Preparation of a multifunctional bio-based adhesive inspired by the structure of dragonfly wings

Abstract

Traditional formaldehyde-based adhesives have problems such as dependence on petrochemical resources and release of formaldehyde. Therefore, preparing multifunctional bio-based adhesives with excellent mechanical properties to replace formaldehyde-based adhesives plays an important role in environmental sustainability. In this paper, a soy protein adhesive that combines high toughness and strength was developed inspired by dragonfly wings. This strategy is based on a rigid neural network (CNF) framework and SPI-based dynamic network system. Functionalized nanofibers (CNF@TP) were tightly connected to SPI through Schiff base reaction and strong hydrogen bonding. The dry and wet shear strength of plywood prepared with modified adhesive reached 1.89 MPa and 1.25 MPa respectively, which were 117.2 % and 119.3 % higher than SPI adhesive. The inorganic mineral component (ZnO) formed an organic-inorganic hybrid structure with soy protein, which improved the mildew resistance, flame retardancy and UV resistance of the adhesive. The storage time of the liquid/solid adhesive was extended to 30/50 days respectively.
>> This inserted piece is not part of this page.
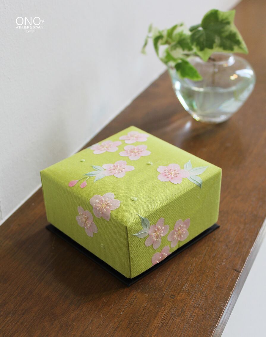 若葉色リネン生地の貼り箱に、染め和紙・刺繍糸・ビーズを糊で貼り合わせた淡い桜のコラージュした小箱です。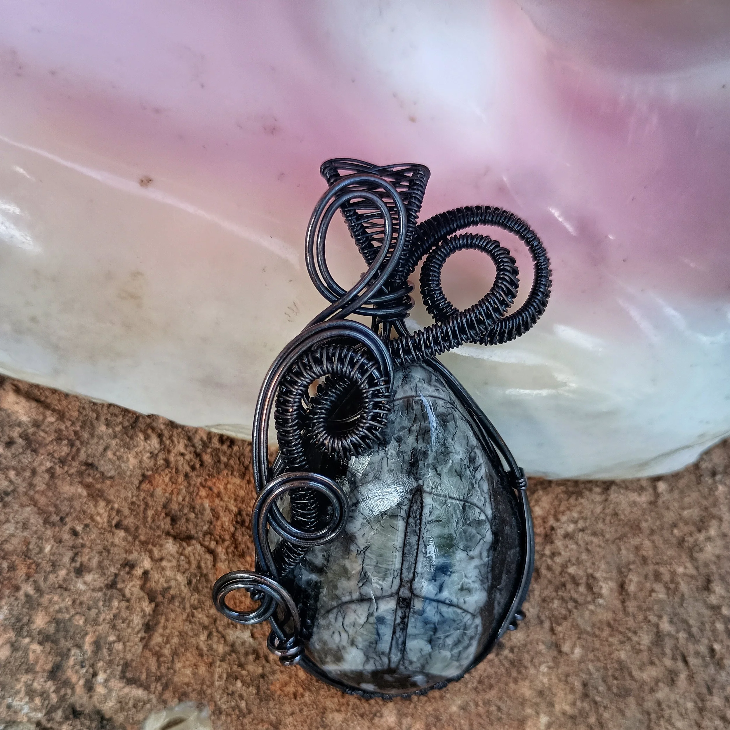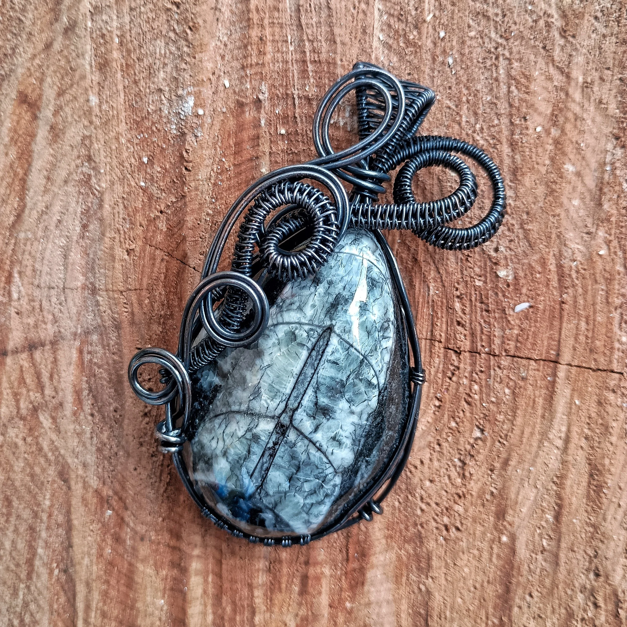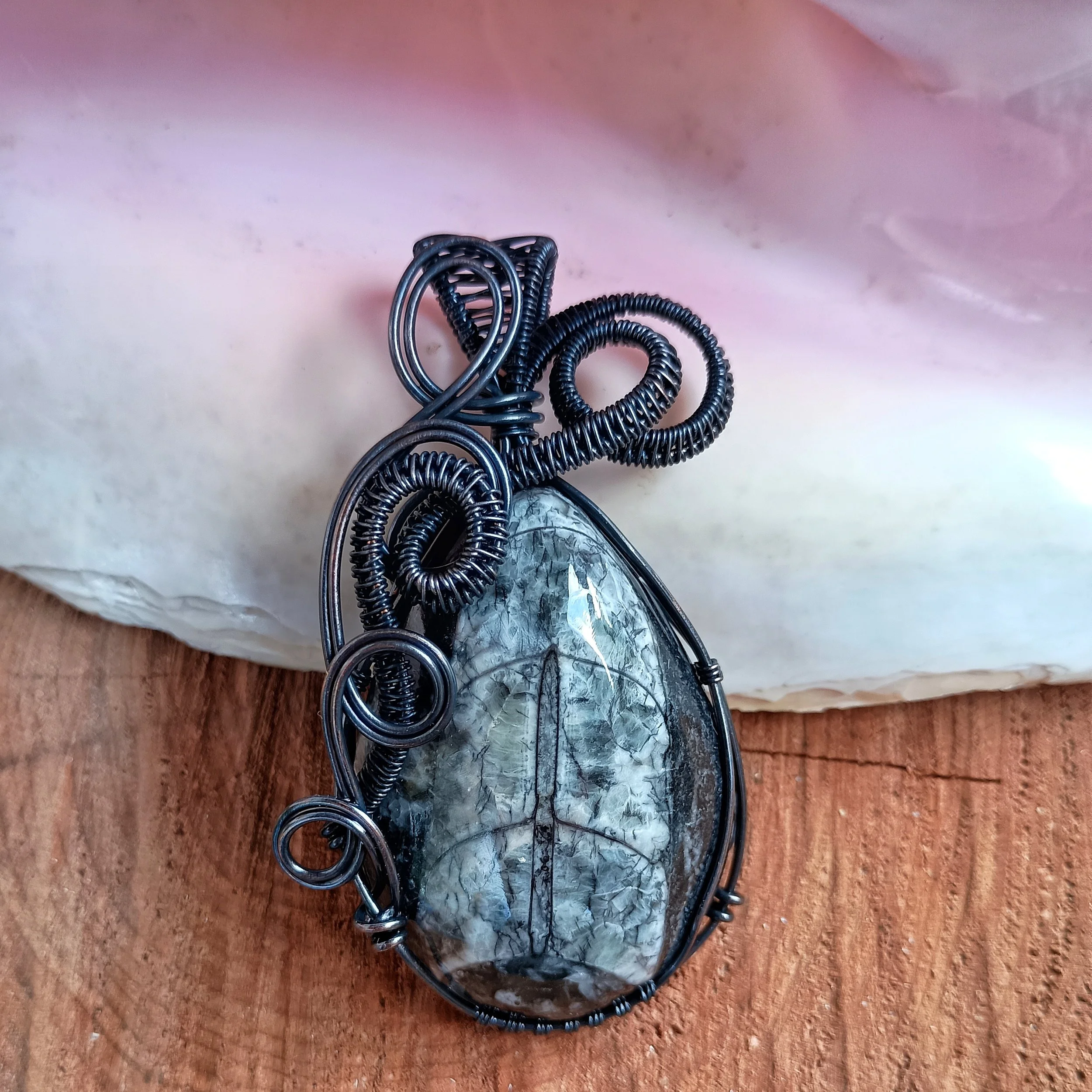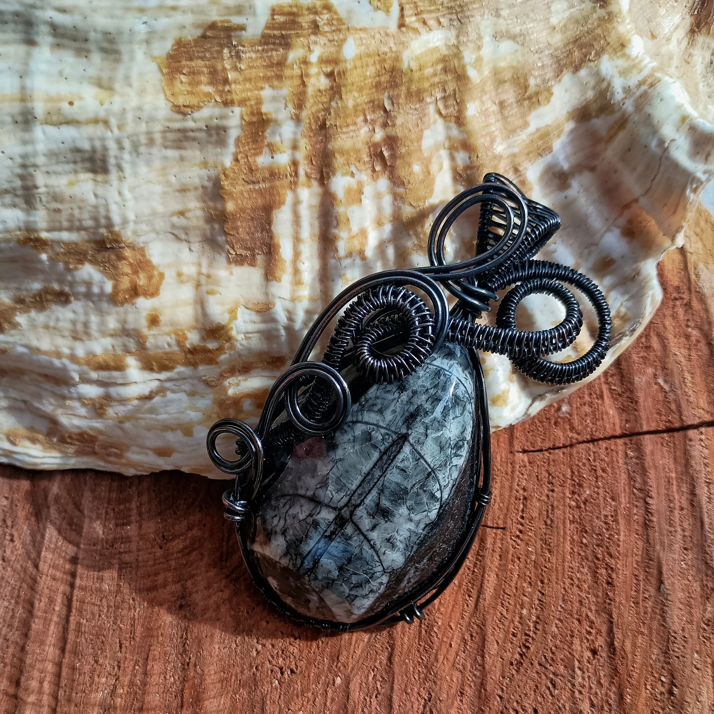 Orthoceras Fossil wrapped in handwoven copper wire. Copper has been patinaed for dark color and entire piece has been coated with a metal sealant. Comes on an adjustable leather cord. Each one of my pieces is a one of a kind creation.

Cross-linker (TGA) strengthened the cross-linked network, the moisture absorption rate of the adhesive decreased to 11.9 %, the residual rate increased to 56.8 %, improved the water resistance. This bionic structure engineering (BSE) provides a research idea for the development of multifunctional composite materials with strong performance. This technology is expected to be applied to many fields such as plywood industry, aerospace and cultural relics restoration.